Shares in Splunk software dropped 22% overnight. This is on reports of wider than expected company losses. For the quarter, Splunk (ticker: SPLK) posted revenue of $599 million, down 11% from a year ago, and far short of consensus estimate for approx. $613 million. The company had forecast revenue of $600 million to $630 million. Splunk lost 7 cents a share on a non-GAAP basis in the quarter.
The CEO of splunk came out with the below “There was continued pressure brought on by macro conditions, which resulted in some customers hesitating to commit to long-term contracts. As we reached the end of October, we saw a much lower-than-normal close-rate amongst our largest deals, which caused us to fall short of our bookings target. Overall, our third quarter did not meet our expectations.” Largely blaming the drop on COVID related factors. We find this interesting because in times when companies would be looking at leveraging big data the most, Splunk are struggling to close deals.

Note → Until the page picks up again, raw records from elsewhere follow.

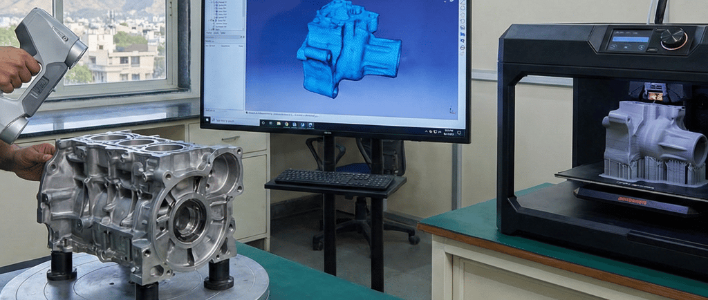 We are excited to welcome you to the online home of VMK Digital LLP, located in the heart of Jaipur, Rajasthan. As a pioneering engineering solution provider, our mission is to serve various industries by transforming physical objects into detailed digital 3D models, and vice versa. We want to clarify that, while we are at the forefront of technological innovation, we are not a digital marketing agency; our focus lies firmly in the realms of advanced 3D scanning, reverse engineering, and rapid prototyping.
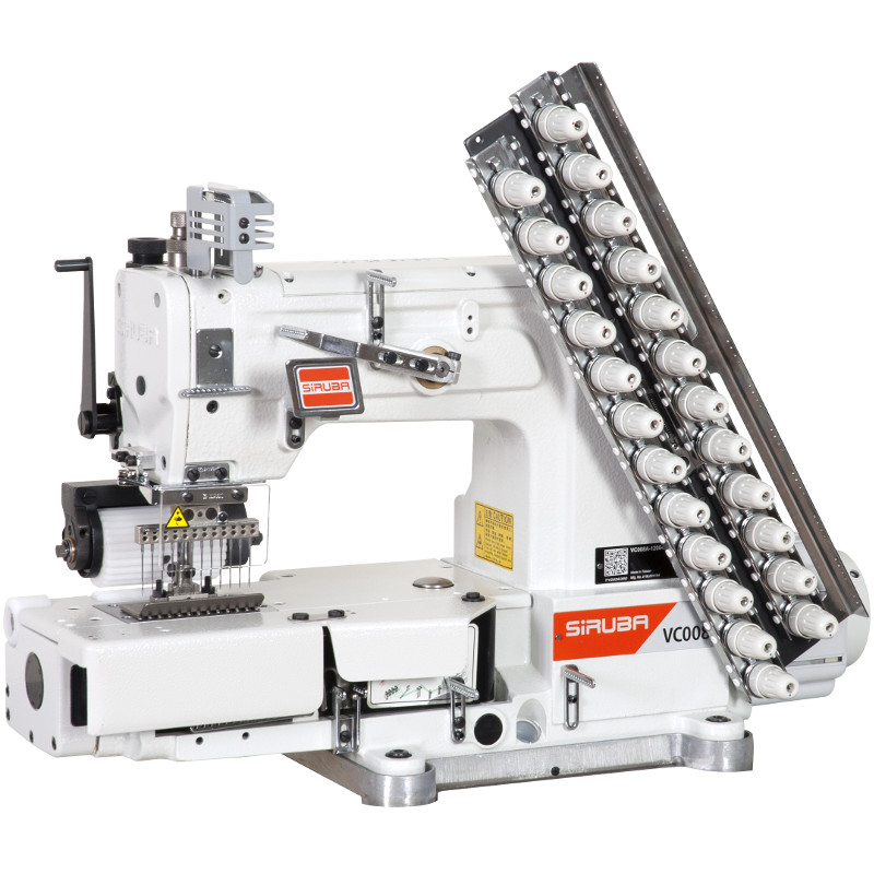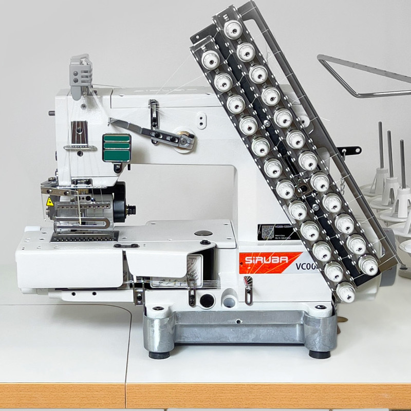 Uniwersalna maszyna łańcuszkowa 12-igłowa, 24-nitkowa, wyposażona w tylny ząbkowany puller rolkowy wspomagający odbiór przeszywanych materiałów. Łoże cylindryczne umożliwia obszywanie zamkniętych obwodów (np. w pasie spodni).
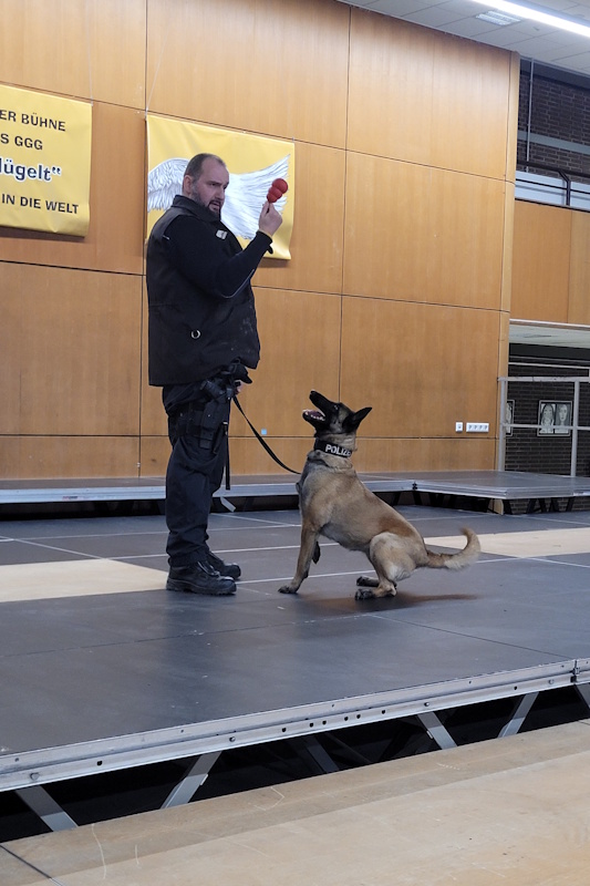 Den Abschluss der Präventionswoche bildete eine Vorführung der Fähigkeiten eines Drogenspürhundes. Still und aufmerksam hörten die Schülerinnen und Schüler den Ausführungen des Polizeihundeführers zu, der von der Auswahl, dem Training und dem Leben eines Polizeispürhundes berichtete. Natürlich wurden auch einige Fähigkeiten des Hundes auf der Aulabühne präsentiert. Davor und danach durften die Schülerinnen und Schüler Fragen zur Ausbildung und dem Umgang mit dem Hund stellen.
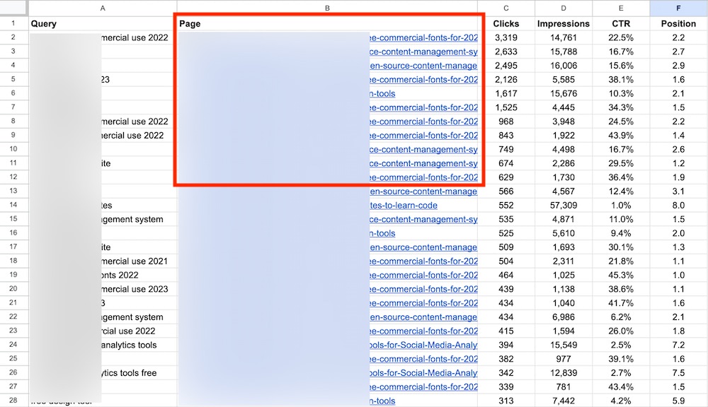 Search Console can directly export data to Google Sheets, including the average positions and clicks for a given period. Unfortunately, the exports are not particularly useful as they do not include the URLs that rank for those queries.

Keep in mind, splunk software is supposed to help companines find opportunities.
However in saying this Splunk is one of the fastest growing companines in the world with massive increases to ARR each year.
Although Splunk has admittatly splunked on the quarterly results, there is perhaps a silver lining here. Splunk is trusted and utilsied by 91 of the Fortune 100 companies and boasts massive backers who love their software such as below:
Now if some of the world’s biggest companies are trusting Splunk with their data and it is helping these customers, we can be pretty happy this will continue to grow top line growth as more and more customers continue to sign up. The transition to a subscription based model has also been very sucessful to date. This is a similair strategey that some of the worlds largest companies have adopted due to the large margin’s and sticky revenue.
Prophet Invest is making a little bet on SPLUNK (NYSE)
2k of SPLUNK, and we will buy more on any pullback.